Joseph nodded. Were we being turned away by his family? Trembling started in my lower legs. I leaned into Joseph’s broad back. Behind his uncle, the door to the house opened and a woman emerged, holding a candle in a shallow pottery dish.
“Biram? Oh, it’s Joseph. Hello.”
“Aunt Leah.” Joseph nodded his head in respect.
“I was just telling them about our full house,” Biram said.
“This crazy census.” Aunt Leah shook her head, corners of her generous mouth turning down.
“I can find other accommodations tomorrow. If you could at least spare some floor space for one night—”
I could see Uncle Biram opening his mouth to deny this plea. Shame and anger clashed in my gut, making the empty organ churn. The baby kicked against my ribs.
“The barn,” the woman said. “We’ve room in there for you.”
I turned to gaze at the other building, stone and wood, shabbier than the adobe structure. It would be out of the wind and cooling night air. Perhaps I would find clean straw to mound into a pallet. It would be an improvement over sleeping beside the road. My back cramped at the thought of another night on the sun-hardened earth.
“I’ll bring some food out,” she said. “I see you have blankets.”
“Sorry I couldn’t offer you something more.” Biram sounded apologetic, and his gaze didn’t stray toward me this time.
“Times are hard for everyone, Uncle,” Joseph said.
He turned to me, face in shadow. His fingers closed around my elbow.
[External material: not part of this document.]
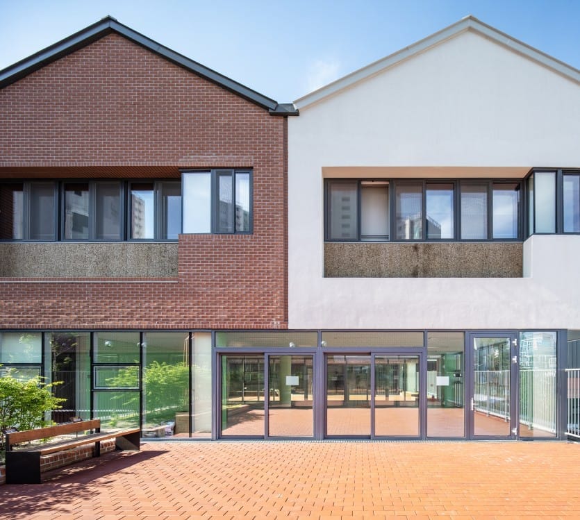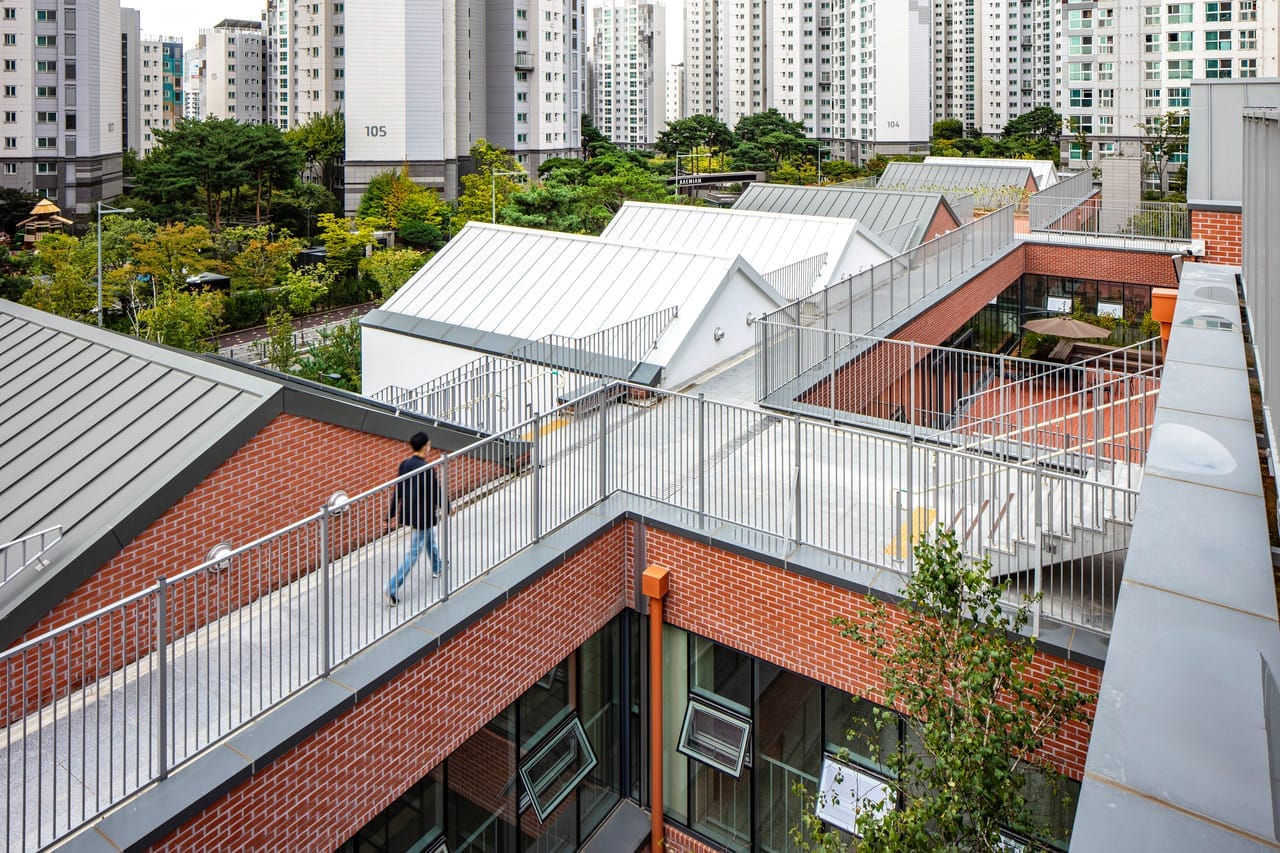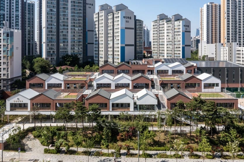 대규모 고층아파트 단지의 사이에 위치한 서울 영등포구의 신길중학교는 외관상 학교라고 보기에 어려운 형태의 디자인입니다. 여러 채로 나누어진 박공지붕과 듬성듬성 계획된 옥상정원은 도심 속 타운하우스와 같은 공동주택을 연상시킵니다. 고층, 고밀의 주변 환경과 대조적으로 낮은 ‘집’의 형태의 신길중학교는 마을을 다채롭게 만들며 학생과 주민에게 친근한 동네의 풍경을 제공하지요. 기존의 기계적으로 찍어낸 듯한 획일적인 학교건축에서 벗어난 신길중학교는 2021년 대한민국 공공건축상을 받으며, 그 가치를 인정받았습니다.

We moved toward the barn. Behind us, the door to the house closed.
“It’s because of me.”
Joseph draped his arm over my shoulder, pulling me against his side. My head nearly fit there.
“My cousins came to register. You heard them.”
“The way he looked at me . . .”
“I’m sorry.” His lips pressed against the top of my head, reminding me of something my father did when I was a much younger girl. When would we have a normal husband and wife relationship? Maybe never. Nothing was normal for me now. It never would be.
I swallowed away the tears. The dark doorway into the barn loomed before us. Stepping inside, the familiar scents of animals and manure embraced me. Tension drained from my shoulders.
I would be more comfortable here than in a house full of condemning relatives.